Heatwaves impacting Europe’s agriculture
Europe’s agriculture is under severe stress as a series of heatwaves hit the continent. Drought conditions and water scarcity in several regions are reducing crop yield and affecting energy production. A staggering portion of Europe is currently exposed to warning (44% of EU+UK) and alert (9% of EU+UK) drought levels, associated with soil moisture deficit in combination with vegetation stress, according to a report by the European Commission’s Joint Research Centre.
The lack of rain means soil water content has been reduced significantly, causing widespread stress to vegetation in the Italian lowlands, in southern, central and western France, in central Germany and eastern Hungary, Portugal and in northern Spain. This is expected to lower yields.

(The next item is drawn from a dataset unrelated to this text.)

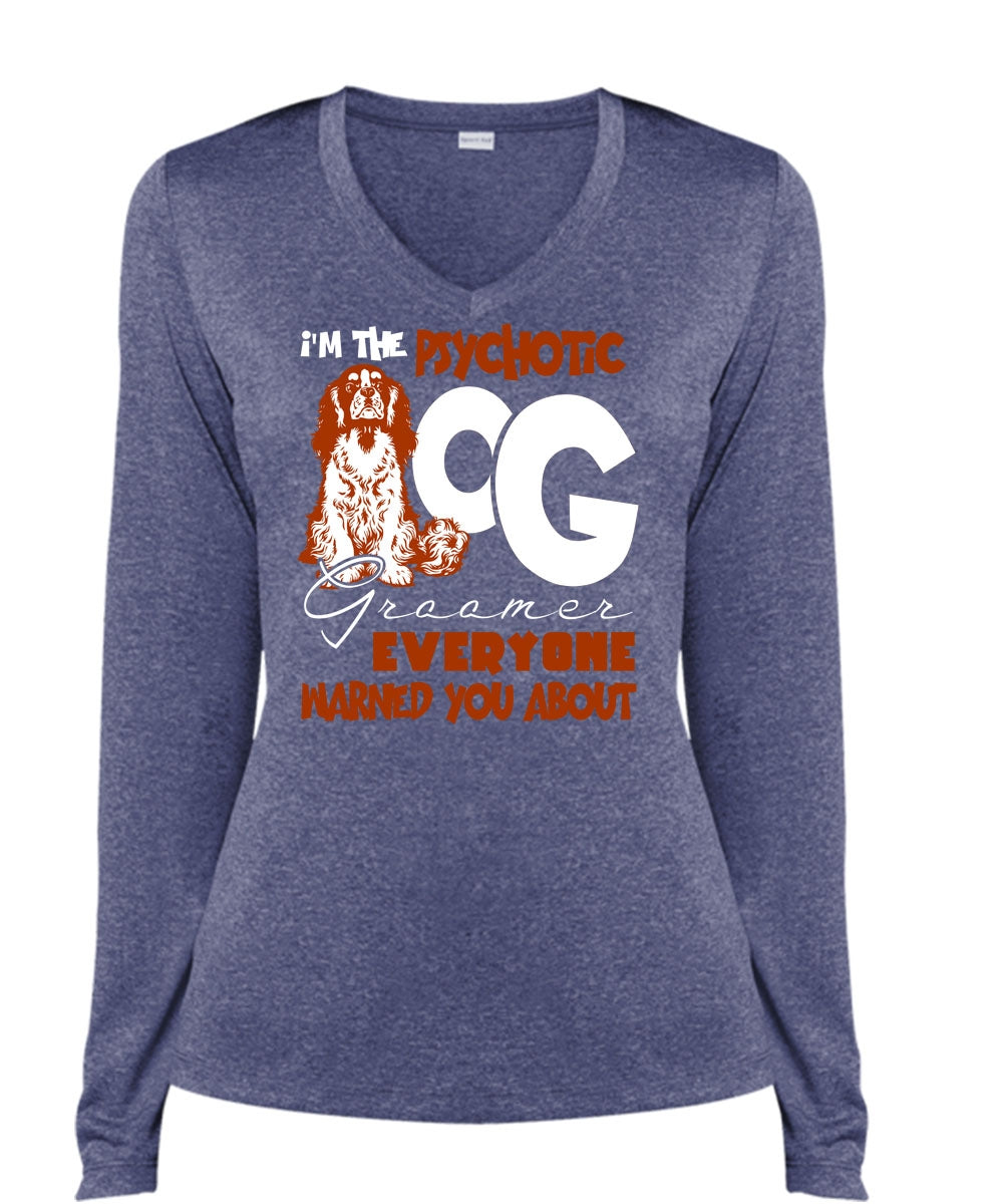 I'm The Psychotic Dog Groomer T Shirt, My Favorite T Shirt, Cool Shirt (Ladies LS Heather V-Neck)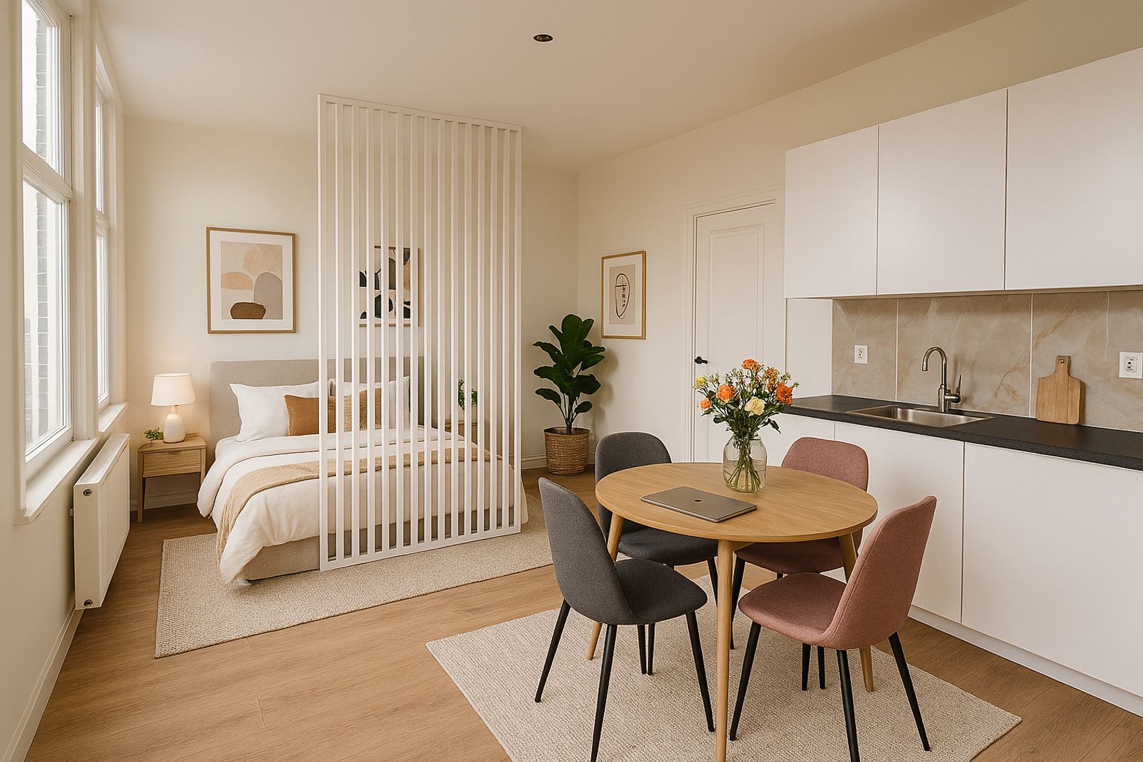 Centrale entree aan de straatzijde, trap naar de tweede etage. Vanuit de centrale hal toegang tot de woning. De woonkamer is heerlijk licht dankzij drie grote raampartijen en beschikt over een nette open keuken met inductiekookplaat, koelkast, oven en afzuigkap. Het slaapgedeelte is slim afgescheiden met een roomdivider. De badkamer is keurig afgewerkt en voorzien van douche, toilet en wastafelmeubel.

Italy’s Po River basin is facing the highest level of drought severity and a drought emergency has been declared in five Italian regions. Insufficient water availability has led to water use restrictions across the country’s municipalities and similar measures have also been put into place in 68 departments of France.
To make matters worse, with stored water volumes also depleted, the energy sector has been affected in terms of both hydropower generation and cooling systems of other power plants. In Spain, volumes of water stored in reservoirs are currently 31% lower than the 10-year average. In Portugal, hydroelectric energy stored in water reservoirs is at half the average of the previous seven years. What’s more, both countries are experiencing conditions that are extremely favourable for wildfires.
The forecasts for the coming months suggest far drier conditions than normal in large areas of Europe, which will exacerbate drought severity and the impacts on agriculture, energy and water supply.